Please join us for a Distinguished Lecturer AI seminar with David Autor, Professor in the MIT Department of Economics on Wednesday, Nov. 20, 2024 from 1-2 p.m. ET online.
Abstract
Will recent advances in AI complement human expertise, thereby increasing its value, or render it increasingly unnecessary, thus reducing its value (even if jobs are not in net eliminated)? Autor will frame this question through the lens of three technological revolutions of the last two centuries: the Industrial Revolution, the Computer Revolution, and the AI Revolution. In each, the types of expertise rewarded changed substantially, with vastly uneven consequences for workers in different occupations and possessing different education levels. These forces will play out differently in the AI era than in preceding decades. While the future is not a forecasting exercise - we are collectively creating it - Autor will discuss the opportunities that AI opens for the labor market, as well as some of the risks it poses.
Bio
David Autor is the Daniel (1972) and Gail Rubinfeld Professor in the MIT Department of Economics, co-director of the NBER Labor Studies Program and the MIT Shaping the Future of Work Initiative. His scholarship explores the labor-market impacts of technological change and globalization on job polarization, skill demands, earnings levels and inequality, and electoral outcomes.
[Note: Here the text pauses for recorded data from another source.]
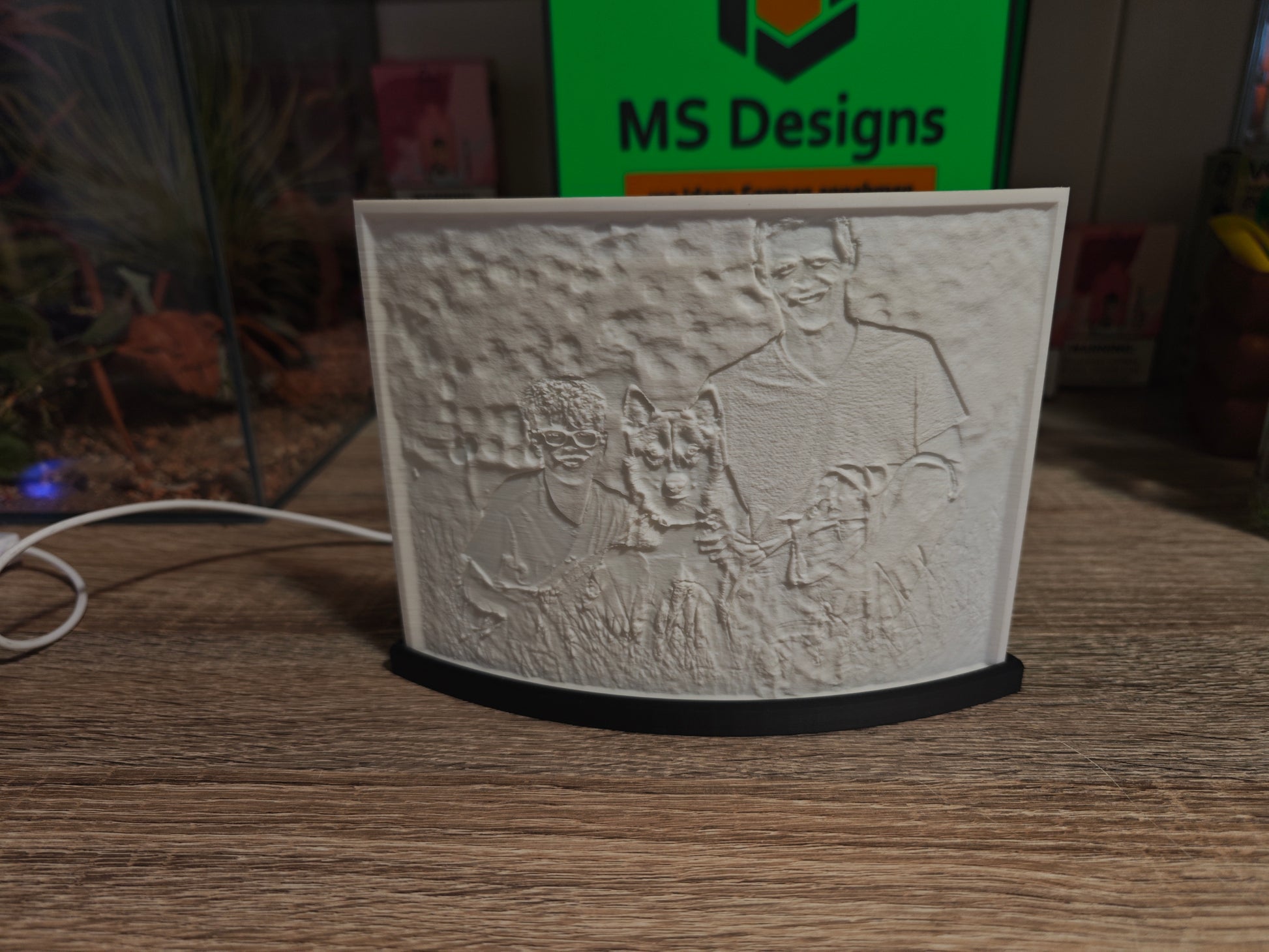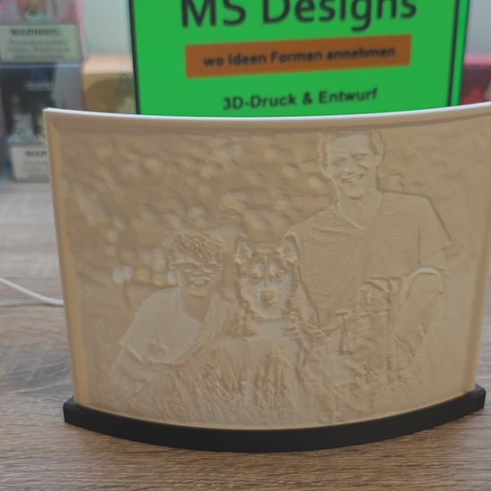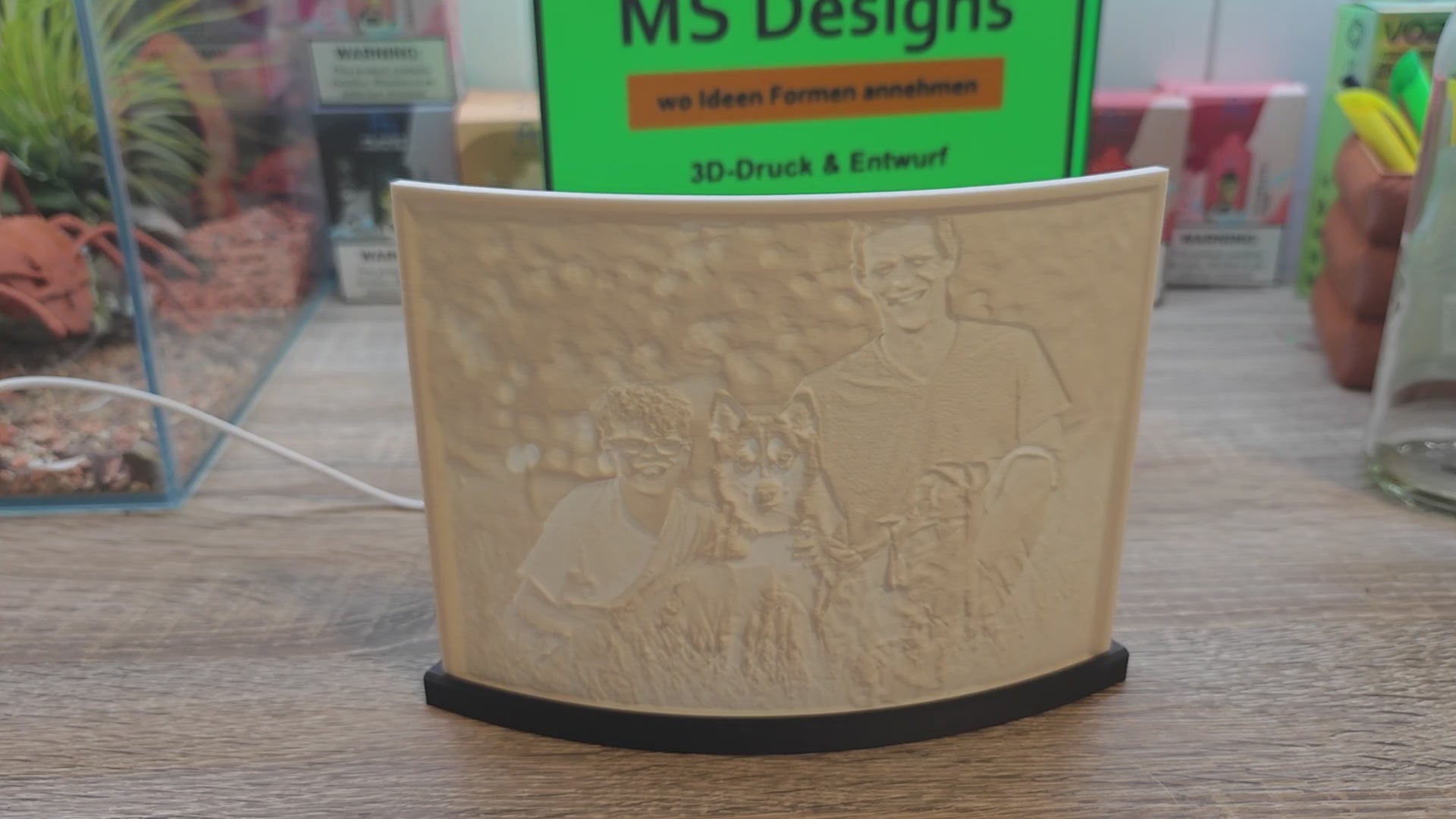 Ich biete ihnen hier einen echten Hingucker für ihre Wohnung, mittels 3D-Druck wird aus ihrem Foto ein Lithophane(Relief) erstellt. Unbeleuchtet ist es einfach ein weißes Relief ihrer Fotos, wird es aber von hinten beleuchtet entsteht ein beeindruckendes und detailliertes Bild.
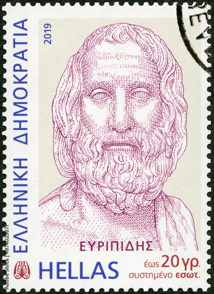 GREECE - 2019: shows Euripides (480-406 BC), Ancient Greek Writers, 2019
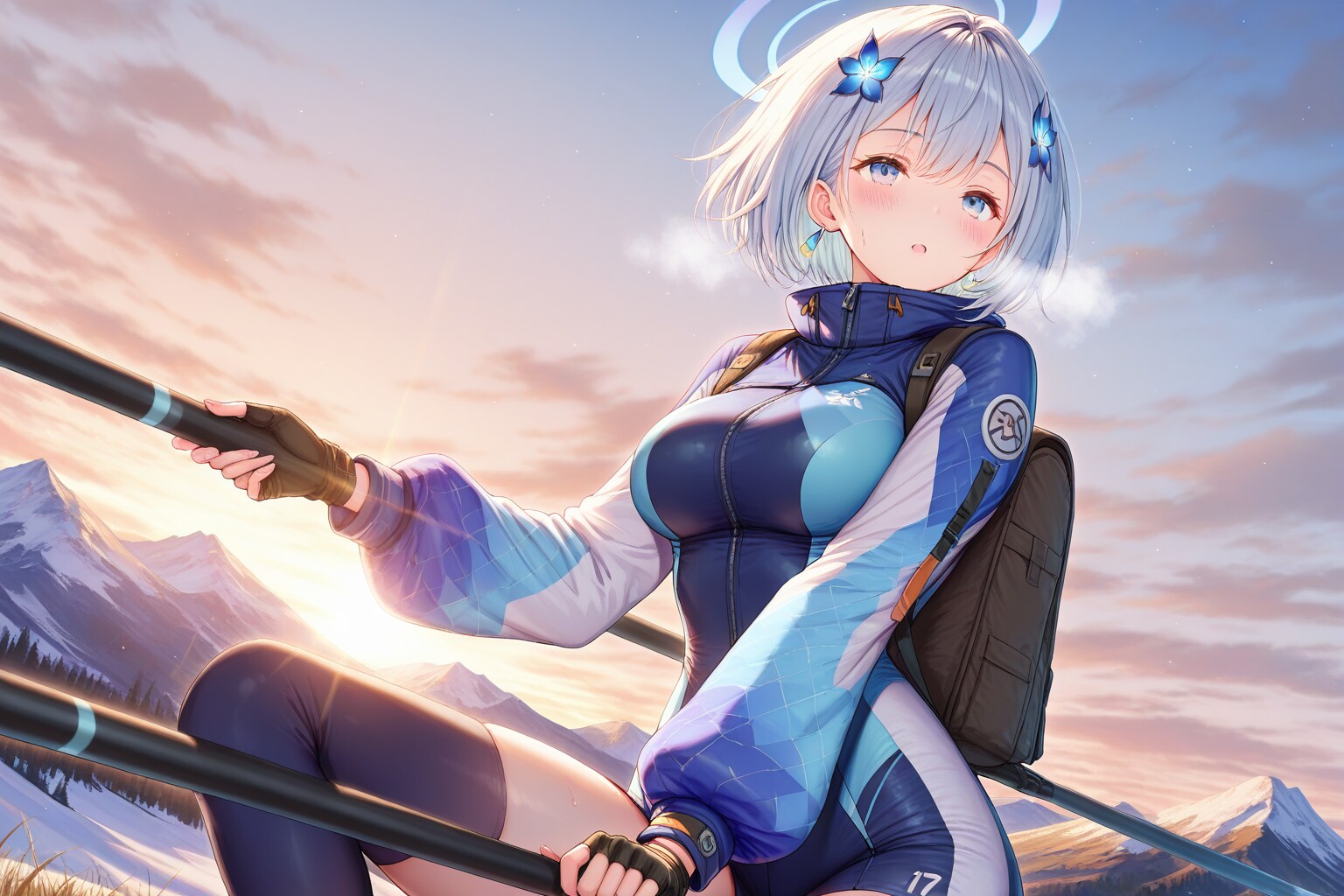 「山頂の夜明け直前」って指定をしてたんですが(scenery near the summit before dawn の部分)、ほぼ日の出の瞬間に
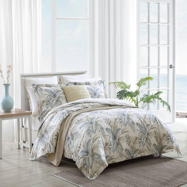 Make your bedroom an island oasis with this tropical inspired duvet cover set by Tommy Bahama. A sophisticated palette of silver blue and neutrals adds the perfect amount of color to this calming set straight out of paradise. Made of high-quality cotton, the duvet cover features a button closure and additional inner ties to keep your insert in place. The set includes 1 duvet and 2 shams. Machine washable for easy care.
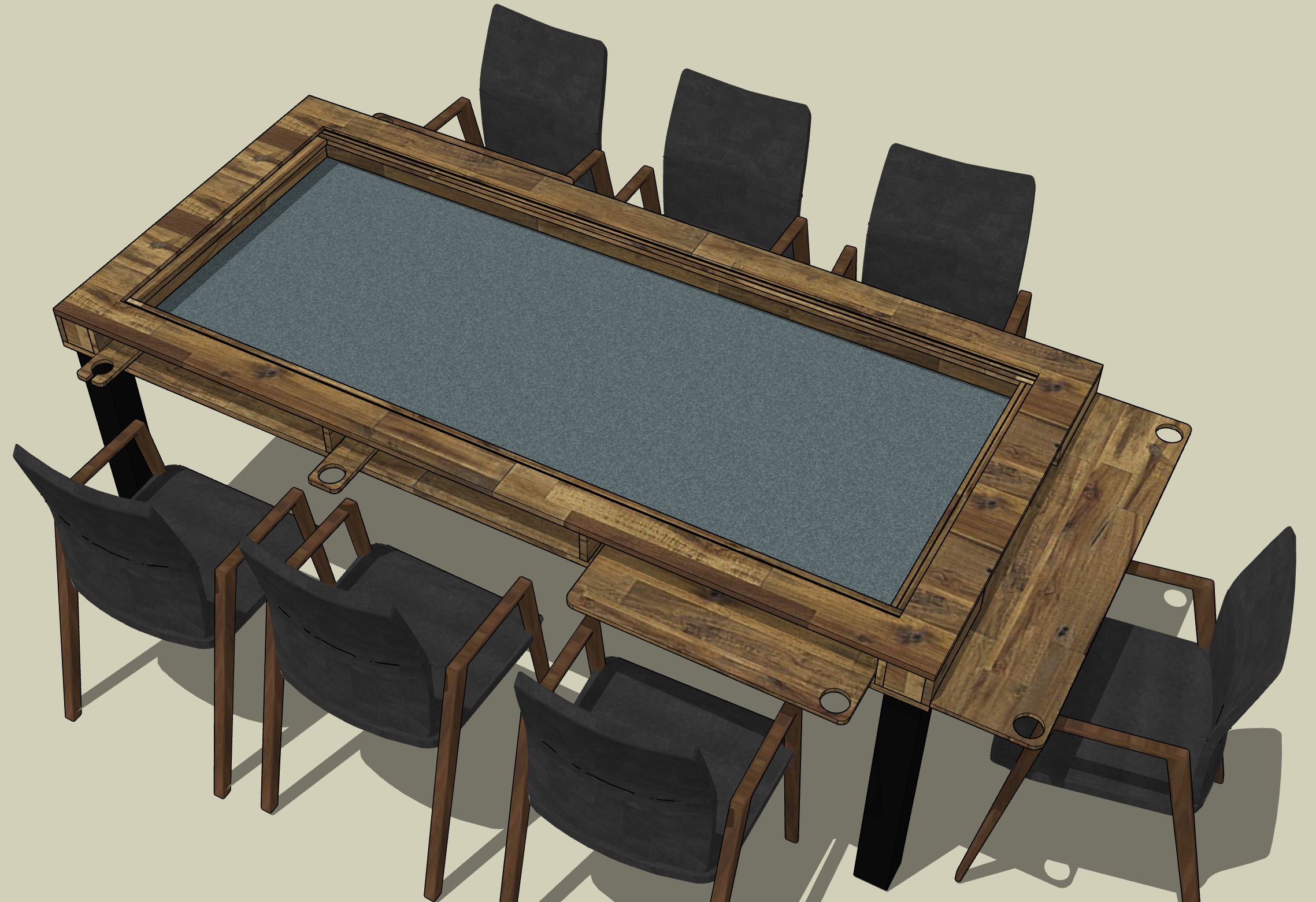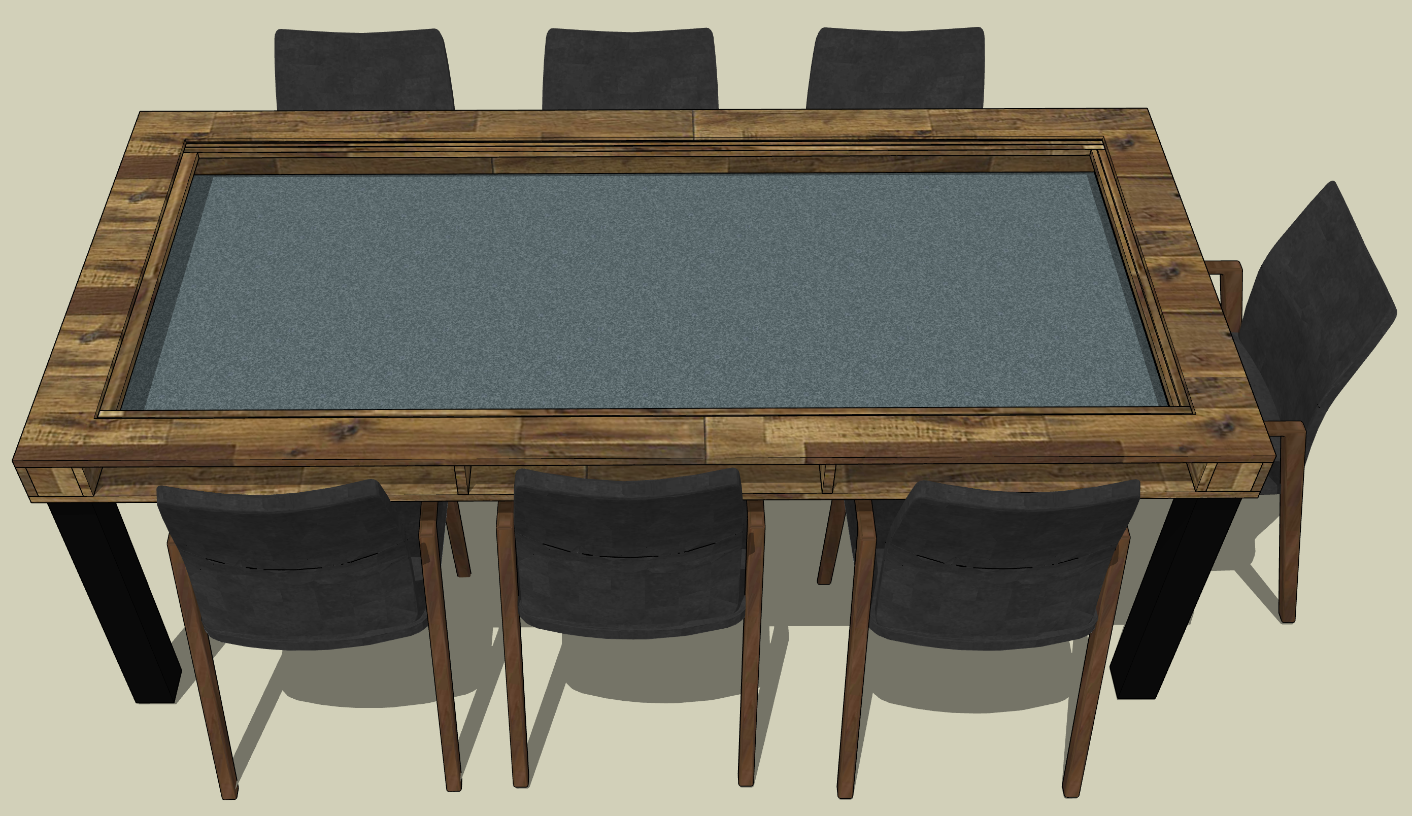 Sargen går nu också hela vägen in i kortsidan så man faktiskt kan sitta sju personer och ha lika mycket utrymme. Det är också en ny list som går runt hela insidan av sargen som locken vilar på. Den sargen ska ha ett spår som löper runt hela bordet så man kan sätta kort i spåret. Under den listen sitter det också en LED-list för belysning av bordsytan.

Autor has received numerous awards for both his scholarship—the National Science Foundation CAREER Award, an Alfred P. Sloan Foundation Fellowship, the Sherwin Rosen Prize for outstanding contributions to the field of Labor Economics, the Andrew Carnegie Fellowship in 2019, the Society for Progress Medal in 2021—and for his teaching, including the MIT MacVicar Faculty Fellowship. In 2020, Autor received the Heinz 25th Special Recognition Award from the Heinz Family Foundation for his work “transforming our understanding of how globalization and technological change are impacting jobs and earning prospects for American workers.” In 2023, Autor was selected, as one of two researchers across all scientific fields, a NOMIS Distinguished Scientist.
The Economist magazine labeled Autor in 2019 as “The academic voice of the American worker.”Later that same year, and with equal justification, he was christened “Twerpy MIT Economist” by John Oliver of Last Week Tonight in a segment on automation and employment.